Уже в шестидесятые годы, провожая его как-то (он допоздна у меня засиделся) к нему, на Песчаную, я вскользь, по какому-то поводу, обронил имя Вышинского, и он вдруг признался, что мальчишкой, в конце тридцатых годов, писал письма верховному прокурору: просил вступиться за — к тому времени уже расстрелянного — отца. Вступиться, помочь… Писал и рвал. Снова писал — и снова рвал.
— Почему рвал? — спросил я.
Он посмотрел на меня сверху вниз, сразив не иронией, не насмешкой, не удивлением, а тяжестью взгляда.
— Надо было спросить, почему писал, — ответил Юра после долго затянувшейся паузы. — Потому что был дурак…
Он сказал резче, грубее, вложив в эту грубость всю свою ненависть к верховному блюстителю законности тех ужасающих лет.
Несколько лет спустя за границей остался его двоюродный брат, тоже литератор, только малюсенький (и в микроскоп не разглядишь!), писавший под псевдонимом Михаил Демин. Он был сыном расстрелянного Евгения Трифонова, хлебнул сполна как «член семьи врага народа» (ЧСВН — для таких была даже придумана специальная аббревиатура), превратившись в урку и попав в ГУЛАГ не как «политический», а как простой уголовник. Один из тех миллионов, которых советская власть сделала преступниками и которым за это же мстила. Очень уж близкими братья не были, но в иные времена только за родство с «перебежчиком» приходилось лихо. Тем более, что Демин стал вещать на «Свободе» — делился своими воспоминаниями о колымских и иных лагерях.
Юра ждал последствий — об этом мы часто говорили тогда, готовя костяк «сценария» на случай, если последует вызов и придется держать ответ. Я был убежден, что никаких последствий не будет, — власть уже одряхлела и возвращаться впрямую к уже развенчанным моделям прошлого отнюдь не хотела. Юра был менее оптимистичен, боялся, что придется писать гневные письма с осуждением «отщепенца». Но — пронесло. Его имя и вес — за границей даже больше, чем дома, — были слишком значительны, а имя и вес «перебежчика» слишком ничтожны. Хотя бы на этот раз кремлевско-лубянских товарищей не покинул простейший разум, Но совсем без последствий все же не обошлось: на какое-то время Юра стал невыездным…
Свою роль сыграло и еще одно его «преступление»: он дал интервью французскому аспиранту-слависту Ренэ Герра, о котором подробно уже рассказано выше. Бдительность наших славных чекистов не позволила кассете с записью интервью уйти за границу: ее отняли на шереметьевской таможне.
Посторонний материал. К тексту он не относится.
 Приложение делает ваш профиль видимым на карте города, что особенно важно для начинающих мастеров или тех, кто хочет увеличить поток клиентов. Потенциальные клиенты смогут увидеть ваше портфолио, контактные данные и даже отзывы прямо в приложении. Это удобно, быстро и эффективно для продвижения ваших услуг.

Секретная информация о подвиге таможенников была извлечена из архивов и опубликована совсем недавно в «Вопросах литературы». Саму кассету не выдают до сих пор (она, утверждает Лубянка, потеряна), хотя теперь обладает большой исторической ценностью и никакой другой.
Про то, что он думает о литературе и литераторах, Юра достаточно много высказался сам, все это опубликовано, частично при жизни, частично после его смерти, мне к этому нечего добавить. Нет, пожалуй, вот что. Константин Федин, как известно, способствовал поступлению Юры в Литинститут, и потом он занимался в его семинаре. Публично признавал Федина своим учителем: в статьях, в интервью. Когда подлинная сущность этого, продавшегося за почетные должности сверхконформиста раскрылась во всей полноте, Юра сказал мне:
— К сожалению, факт учебы состоялся, но учителем он все же не стал. Он ужасно лжив, а за ложь литература мстит беспощадно.
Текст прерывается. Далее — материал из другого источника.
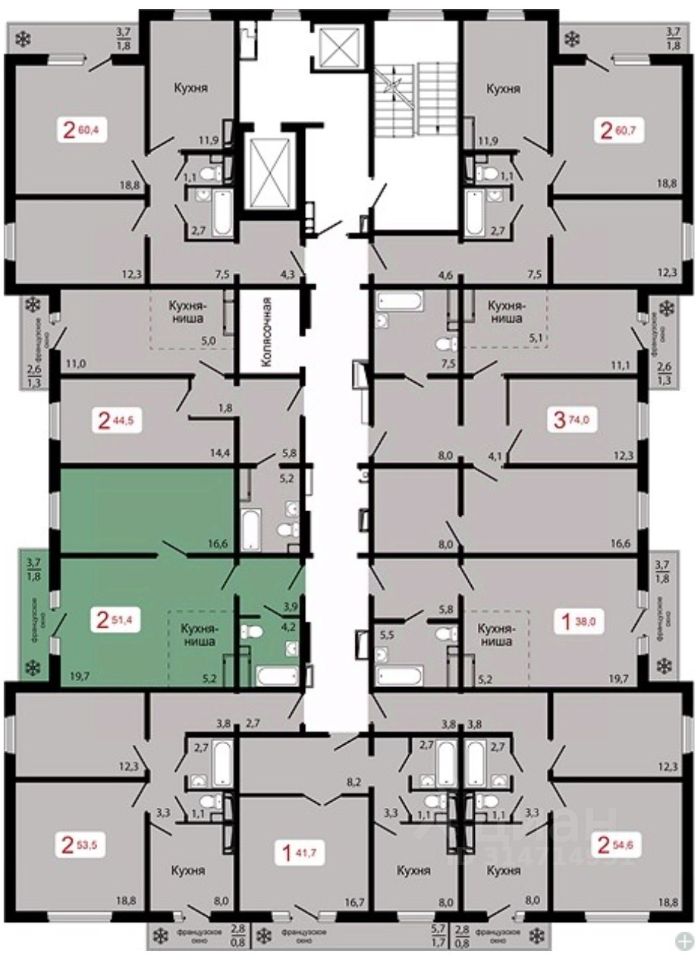 Продаётся 2-комнатная квартира в строящемся доме (Дом 1), срок сдачи: IV-кв. 2026, общей площадью 51.4 кв.м., на 2 этаже.

И вот еще что. Время от времени мне попадается нечто вроде бы мемуарное — заметки, а то и просто несколько строчек о Юре, сочиненных людьми, с которыми он встречался или даже тесно общался. Почему-то чаще всего пассажи панибратские и снисходительные, порой иронические и — между строк — осуждающие, хотя и прикрытые маской мнимой доброжелательности. Я-то знаю, как на самом деле Юра к этим авторам относился. Признавал дарование. Но в их человеческих качествах, в их чрезмерном восхищении самими собой не заблуждался. Он был проницательным человеком и тонким психологом. Впрочем, читатели его книг знают это и без меня.
Как-то мы у него заболтались, и он вызвался меня проводить до троллейбусной остановки или дождаться, пока я схвачу такси. Ни того, ни другого не было долго — мы стояли на хлестком ветру, и он никак не соглашался вернуться домой.
— Надо кости размять, — сказал он и без всякого перехода, без видимой связи стем разговором, который мы вели, вдруг спросил: — Почему ты до сих пор не в Союзе писателей?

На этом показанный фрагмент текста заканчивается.